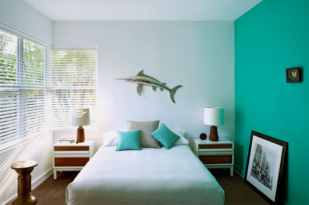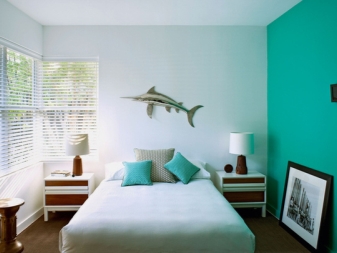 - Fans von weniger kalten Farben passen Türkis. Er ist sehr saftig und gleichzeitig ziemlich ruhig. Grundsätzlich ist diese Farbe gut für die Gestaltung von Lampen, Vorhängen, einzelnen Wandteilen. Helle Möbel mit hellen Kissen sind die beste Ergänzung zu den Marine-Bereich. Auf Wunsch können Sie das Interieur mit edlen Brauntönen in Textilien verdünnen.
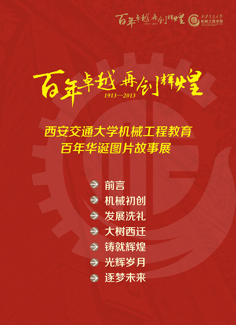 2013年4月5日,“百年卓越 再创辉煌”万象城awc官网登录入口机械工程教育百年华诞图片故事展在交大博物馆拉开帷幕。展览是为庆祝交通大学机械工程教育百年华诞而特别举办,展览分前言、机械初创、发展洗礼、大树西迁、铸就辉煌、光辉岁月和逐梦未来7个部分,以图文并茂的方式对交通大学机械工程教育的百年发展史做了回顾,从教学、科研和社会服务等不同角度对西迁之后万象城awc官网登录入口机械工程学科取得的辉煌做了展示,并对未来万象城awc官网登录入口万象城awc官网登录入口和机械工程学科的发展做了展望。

--*--

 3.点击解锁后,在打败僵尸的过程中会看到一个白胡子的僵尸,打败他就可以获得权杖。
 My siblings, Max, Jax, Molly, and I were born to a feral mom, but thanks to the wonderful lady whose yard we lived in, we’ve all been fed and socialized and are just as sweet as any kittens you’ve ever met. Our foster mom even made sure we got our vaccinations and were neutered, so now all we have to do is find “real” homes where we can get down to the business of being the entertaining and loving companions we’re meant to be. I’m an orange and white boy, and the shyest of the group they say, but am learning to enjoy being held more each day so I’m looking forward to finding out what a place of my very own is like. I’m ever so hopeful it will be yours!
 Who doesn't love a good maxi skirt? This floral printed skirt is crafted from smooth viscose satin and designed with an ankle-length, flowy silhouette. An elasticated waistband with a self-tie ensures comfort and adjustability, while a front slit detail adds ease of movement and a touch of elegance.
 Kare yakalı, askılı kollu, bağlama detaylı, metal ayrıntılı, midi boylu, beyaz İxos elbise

--*--

Your answer should consist of the lines from the line with "Who doesn't love" to the line with "Kare yakalı, askılı" above, repeated exactly, both ends included.

 Who doesn't love a good maxi skirt? This floral printed skirt is crafted from smooth viscose satin and designed with an ankle-length, flowy silhouette. An elasticated waistband with a self-tie ensures comfort and adjustability, while a front slit detail adds ease of movement and a touch of elegance.
 Kare yakalı, askılı kollu, bağlama detaylı, metal ayrıntılı, midi boylu, beyaz İxos elbise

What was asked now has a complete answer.